Discussion of article "Non-linear indicators"

 

New article Non-linear indicators has been published:

In this article, I will make an attempt to consider some ways of building non-linear indicators and their use in trading. There are quite a few indicators in the MetaTrader trading platform that use non-linear approaches.

The mode is the value that occurs most frequently in the data sample. For example, in the sample 1, 6, 9, 3, 3, 7, 8, the most common number is 3. It will be the mode of the series. However, when analyzing prices, each value can occur only once. Then, in order to calculate the mode, we can use the Pearson empirical equation:

Mode = 3*Median – 2*Mean.

According to the equation, the mode is an unstable indicator (the coefficients go beyond the boundaries of the interval -1…+1). But it can be useful as an addition to other indicators.

Another central measure can be considered the middle of the range. To calculate it, we need to find the half-sum of the maximum and minimum values of the time series. Although mid-range is sensitive to spikes and not very reliable, it is used in some indicators.

This is what all four measures of the central tendency look like on the chart.

Author: Aleksej Poljakov

 

Interesting ideas, something to work with. :)

Thanks for the article!

 


That's weird, it doesn't match

the indicator here.

Maybe I misunderstood something.

 
Nikolai Semko #:


That's weird, it doesn't match

indicator here

Maybe I misunderstood something.

the median does not always coincide with the moving average... rather, they most often do not coincide. The median is a rigid structure (for example, if you draw trend lines along it, you will get a completely different picture).

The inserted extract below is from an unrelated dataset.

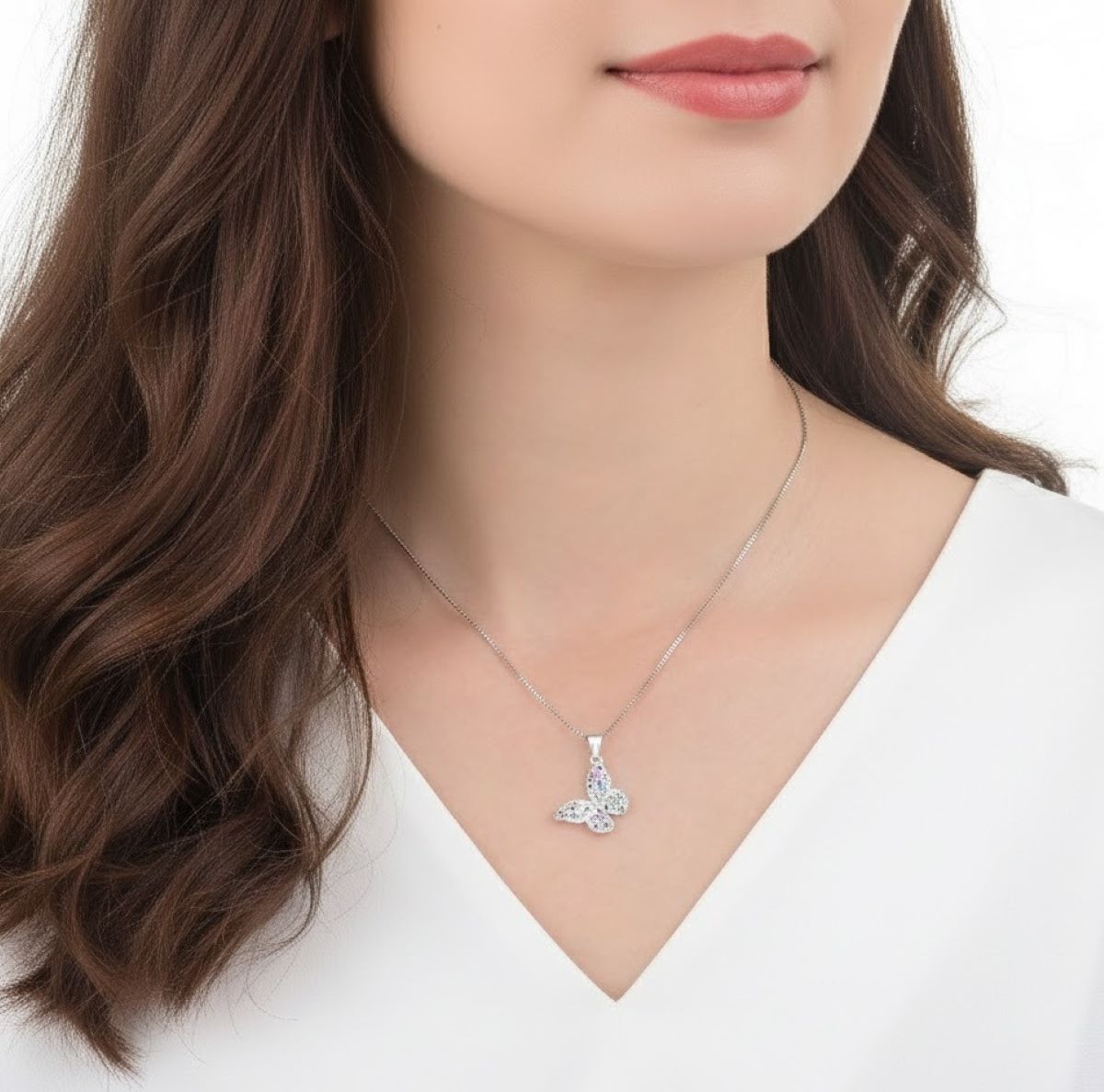 Dije de plata con diseño de mariposa y brillos de colores que reflejan luz y alegría. Una pieza delicada y llena de significado, perfecta para darle un toque femenino y vibrante a tu estilo.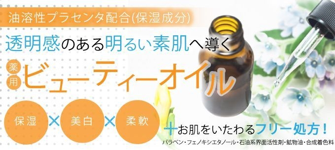 従来の美容オイルが持つ「保湿効果」「エモリエント効果」「エイジング対策」に「美白効果」がプラスされた高機能薬用オイルです。8種の天然保湿美容オイル(シュガースクワラン(サトウキビ)・植物性スクワラン(オリーブ)・ヒマワリ油・メドウフォーム油・オリーブ油・ホホバ油・ローズヒップ油・マカデミアナッツ油)と油溶性プランセンタを配合。

And the non-coincidence happens precisely because the median is very stable, even on short periods.... Try to compare your indicator with Bayesian smoothing

 
Aleksej Poljakov #:

the median is not always the same as the moving average.... rather, they most often do not coincide. The median of medians is a rigid structure (for example, if you draw trend lines along it, you will get a completely different picture)

And the non-coincidence happens precisely because the median is very stable, even on short periods.... Try to compare your indicator with Bayesian smoothing

Ah, yes, I was not paying attention.
But still something is wrong.
As I understand, with such a calculation, the current value of the indicator (3 of 3) should be one of the 5 previous price values, but this is not even close. In general, there is some colossal lag.
So far I do not see from your charts what to grab on to. What are the advantages over other types of smoothing that give much less lag?
 
Nikolai Semko #:
Oh, yeah, I wasn't paying attention.
But there's still something wrong.
As I understand, with this calculation, the current value of the indicator (3 of 3) should be one of the 5 previous price values, but this is not even close. In general, there is some colossal lag.
So far I do not see from your charts what to grab on to. What are the advantages over other types of smoothing that give much less lag?

Oh, I see
I looked in the code.
It says one thing, but the graph shows something else. The period is not 3 from 3, but 14 from 14.
I.e. the indicator shows one value from the last 23 values.
I analysed it and compared it with other moving types. Unfortunately, I did not find any advantages, despite the significantly higher computational load due to sorting.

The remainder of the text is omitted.